Being one of the most popular creatures in Japanese folklore, the Tanuki  (狸), or raccoon dog, is the perfect subject for Monster of the Week. Not only does it have a rich background, it is also still very popular in modern Japan. Tanuki statues are a common sight in Japan and they are even regarded as luck bringers for restaurants and pubs. The tanuki is also popular in animation films, Studio Ghibli even made an entire movie about them called “Pompoko”.

A real tanuki

A real tanuki

What is the tanuki?

The tanuki is based on the raccoon-like typical Japanese animal that once was a common sight in the Japanese fields and forests. But urban growth and pollution has sadly had a big influence on their natural habitat. Tanuki in their natural form are mostly recognised by conical straw hats and enormous testicles. These testicles are very important for the tanuki as they are totally flexible, extensible, mobile and can be used for shapeshifting.

A ballsy move to catch birds

A ballsy move to catch birds

What does the tanuki do?

This monster loves to shapeshift. They can shift into any form that they like. Most of the time, they transform themselves into inanimate objects, this way people don’t know that they are being watched. They can also transform into humans. Their biggest “tool” is their testicles. These ultra-flexible balls can stretch out to almost 12 square meters and can be transformed into anything. They can be used as a raincoat, drums or even a disguise to impersonate other monsters.

But why do they shapeshift? They actually like to play pranks on humans and steal their money. Although they can really turn into anything, their pranks never turn evil. This gives them the title of “wild card” in the yōkai world. They are so extremely fond of good food and rich drinks, that they often kidnap and then impersonate brides or grooms so they can eat at the banquets of the weddings.

Tanuki fishing skills

Tanuki fishing skills

How can you escape?

Tanuki are more mischievous than evil so they will never put your life in danger. The only things that you have to worry about are your money and your pride. Since they are the “wild card” of the pranksters, their plans often go wrong and backfire. So if you ever find your wallet filled with leaves, or if you find your groom in the closet after the weddings, you’ve probably been pranked by a tanuki.

Famous tanuki statues

Famous tanuki statues

Tanuki in modern time Japan.

As mentioned before, the tanuki are seen as luck bringers. There are quite some businesses, mostly restaurants and pubs, that have a tanuki statue outside.

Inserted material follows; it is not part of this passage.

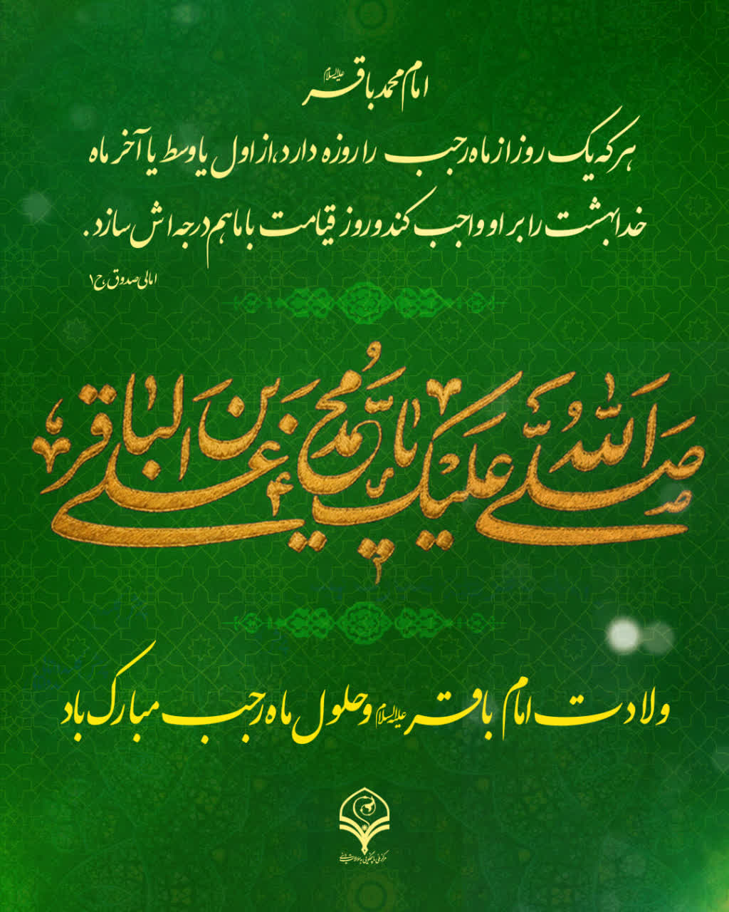 ولادت امام محمد باقر علیهالسلام و حلول ماه پر خیر و برکت رجب، مبارک باد.

In older times, craftmen even wrapped golden nuggets in tanuki pelts and sold them as lucky tanuki testicles. This is a lucky charm that is still very common in Japan today.

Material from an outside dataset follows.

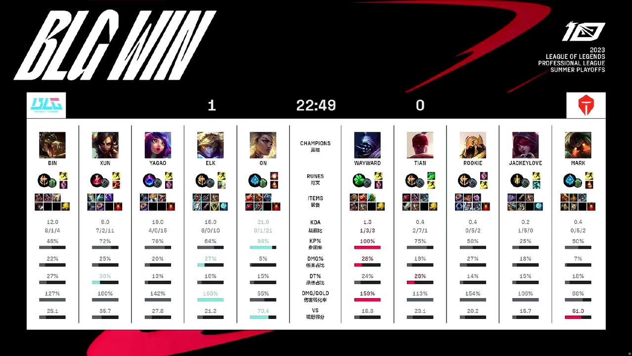 【BLG vs TES】第一局 MVP: ON (芮尔) 纯碾压局

Also, in the famous Studio Ghibli movie “Pompoko”, a clan of tanuki work together to stop the humans from destroying their home and their habitat. They are often used as a symbol for nature in the constant struggle between urbanisation and nature.

Finally, two of the most popular noodle dishes in Japan are called tanuki soba and tanuki udon. These are both noodle dishes that just have tiny chunks of fried batter in them. These tiny chunks are traditionally left over batter from making tempura. It is said that these dishes get their name because the thought of paying money for empty bits of batter is the perfect tanuki prank.

Tanuki soba!

Tanuki soba!

Just remember, prepare some code words with your bride or groom before the wedding. You never know if the person next to you who’s stuffing his or her face with food is a tanuki or not.